- Theatrical release poster
- Directed by: George Sherman
- Written by: Lewis Meltzer
- Screenplay by: Oscar Brodney Lewis Meltzer
- Produced by: Leonard Goldstein
- Starring: Maureen O'Hara Macdonald Carey
- Cinematography: Maury Gertsman
- Edited by: Frank Gross
- Music by: Frank Skinner
- Color process: Technicolor
- Production company: Universal Pictures
- Distributed by: Universal Pictures
- Release date: May 1, 1950;
- Running time: 76 minutes
- Country: United States
- Language: English
- Box office: $1.6 million

= Comanche Territory (1950 film) =

1950 film by George Sherman

Comanche Territory is a 1950 American Western film directed by George Sherman and starring Maureen O'Hara and Macdonald Carey.

==Plot==
An Indian treaty prevents settlers establishing camp on Comanche territory, but silver has been found and the government has sent Jim Bowie and Dan'l Seeger to negotiate a new treaty to allow it to be mined.

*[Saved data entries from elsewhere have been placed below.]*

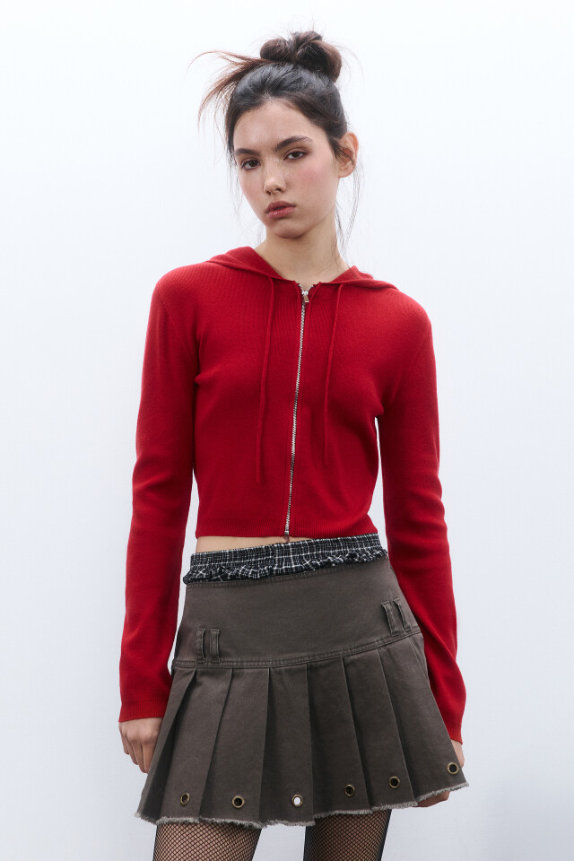 Юбка мини в складку с люверсами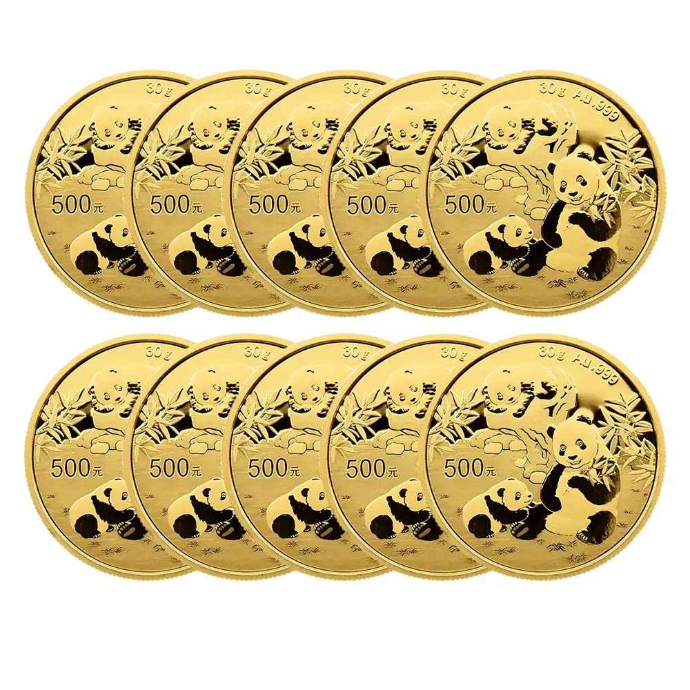 中国 2025 パンダ 500元 30グラム 金貨 【10枚】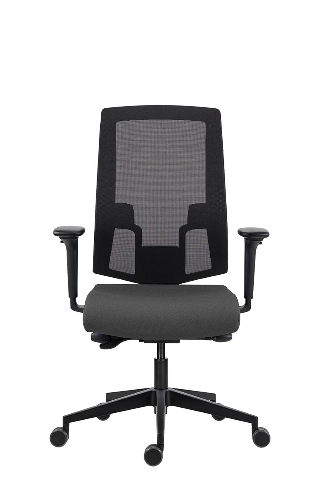- Kancelárska stolička s čalúneným sedákom a čiernou sieťovinou na operadle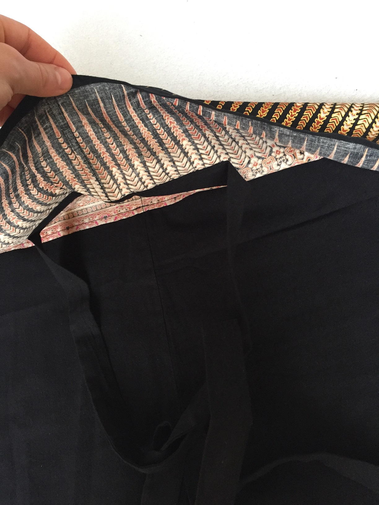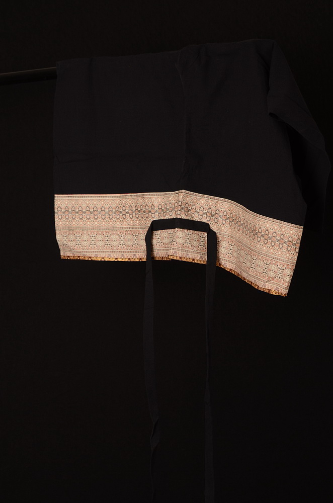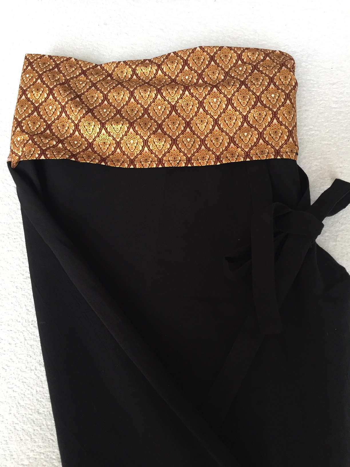 Velmi příjemné elastické kalhoty v černé barvě. Ideální pro maséry. Díky výšivce vypadají elegantně, navíc jsou funkční. V pase širší pruh látky k zavazování, viz foto. 3/4 střih.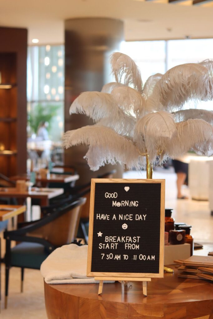 Located on the ground floor is The Locale, a bright and laidback restaurant. Here we were presented with a buffet like no other. Spread out along the length of the whole restaurant were different stations of every breakfast food you could think of. We’re talking, fresh pastries, cereals, eggs of any type, from hot to cold, small to large, meat to vegan this buffet had it all. Without doubt the best breakfast buffet we had seen anywhere in the world. But this is Dubai where nothing seems to be a problem so, if you’d prefer table service, they offer this too.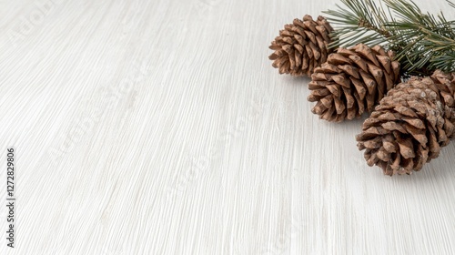 © danadesa, Fototapeta premium Pine cones on a white wooden surface

Bowie soon finds that the settlers are planning a raid on the Comanche, all instigated by saloon owner Katie Howard and her crooked brother Stacey. Katie falls in love with Bowie and turns honest, but it may be too late to prevent another Indian war.

==Cast==
- Maureen O'Hara as Katie Howard
- Macdonald Carey as James Bowie
- Will Geer as Dan'l Seeger
- Charles Drake as Stacey Howard
- Pedro de Cordoba as Quisima
- Ian MacDonald as Walsh
- Rick Vallin as Pakanah
- Parley Baer as Boozer, the bartender
- James Best as Sam
- Edmund Cobb as Ed

==Production==
In March 1949, Universal Pictures announced that it would produce a biopic of Jim Bowie produced by Leonard Goldstein, most likely to star Scott Brady as Bowie. The film was originally titled The Bowie Knife. It was Maureen O'Hara's second film for Universal, following Bagdad (1949), and costar Macdonald Carey's second film on loan from Paramount, following South Sea Sinner (1950).

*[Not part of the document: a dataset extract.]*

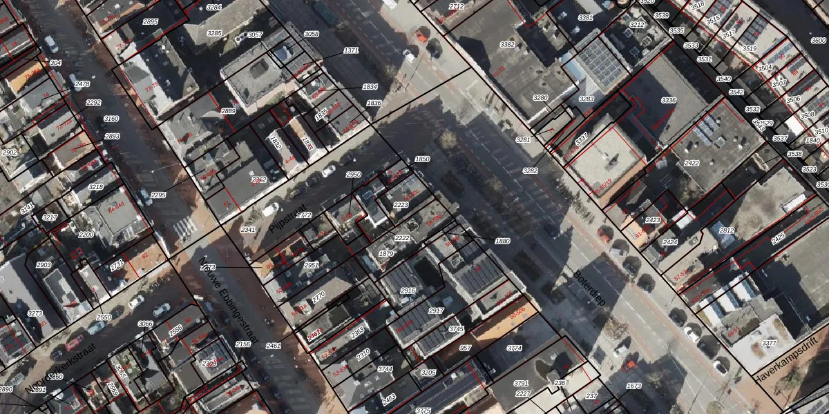Het perceel waarop Boterdiep 60 staat heeft een oppervlakte van 93 m². Dit is een klein perceel. De perceeloppervlakte wordt geregistreerd door het Kadaster. Gedetailleerde informatie over de maten van dit perceel kunt u vinden in het rapport Kadastrale kaart met maatvoering van Boterdiep 60.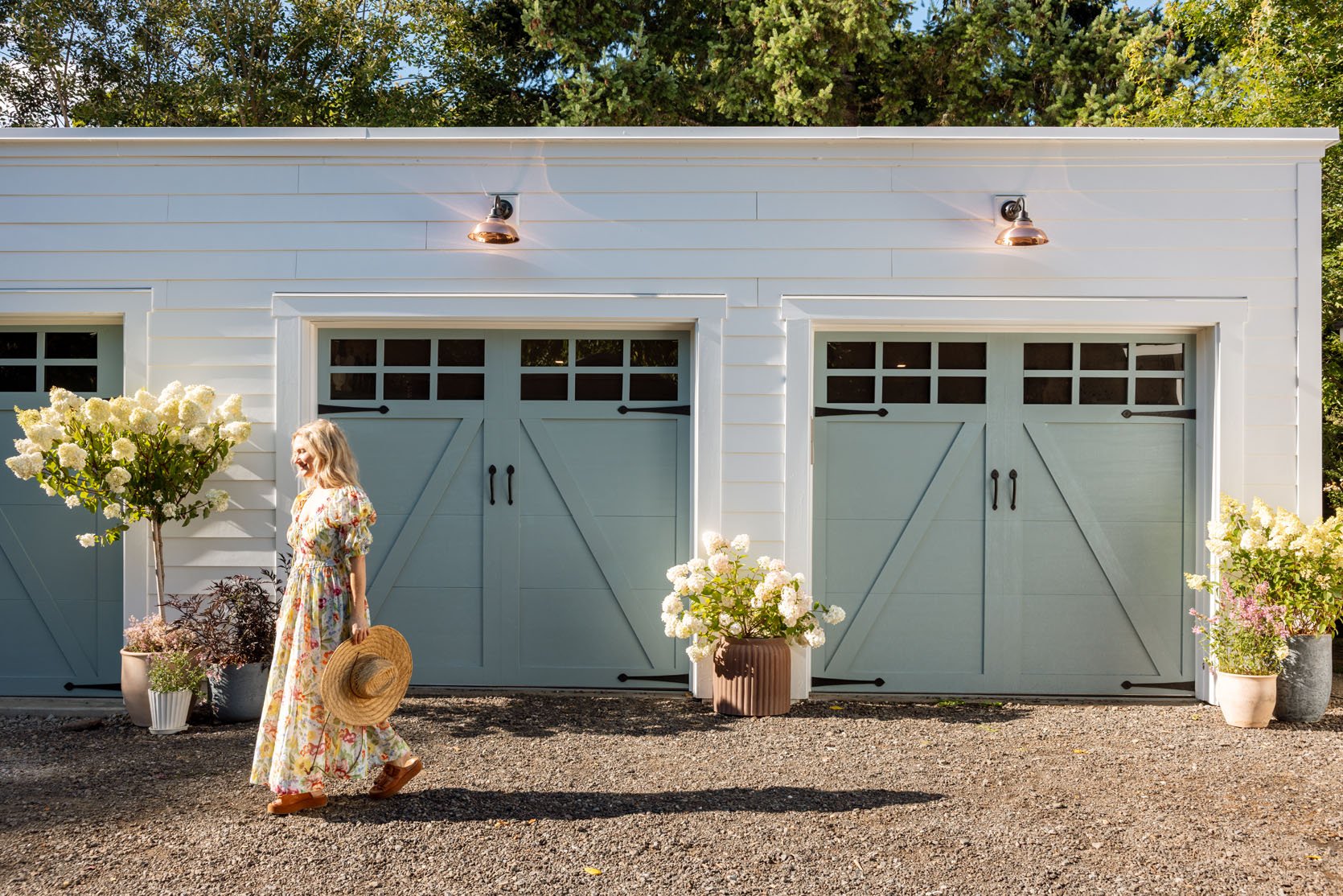 I never thought I’d be this excited to show you the prettiest garage doors ever. When we finally agreed to invest in making our garages better, our goal was to make them functional, but we had very low expectations on how beautiful they would be. Our garages aren’t on a street where neighbors can see (only friends and our trusted FedEx guys would see them), they aren’t part of our curb appeal (not attached to the house), so our goal was “better and basic” (along with “dry, not disgusting, less spiders and mold,” and ultimately way less dangerous). But today we are talking specifically about the doors – what we now call the best garage doors ever. And because I clearly have a disorder where I can’t do anything simply or “without obsessing about how pretty it could be,” therefore I ended up choosing these pretty doors that make me so happy – far happier than predicted.

Location scouting was performed in Kanab, Utah, but filming took place in and around the Oak Creek Canyon area of Arizona.

Filming was postponed for one week in August 1949 so that O'Hara could recover from laryngitis.

==Legacy==
Quentin Tarantino paid tribute to Comanche Territory and one other George Sherman film, Red Canyon, by hosting special screenings of the films at the 2025 Cannes Film Festival.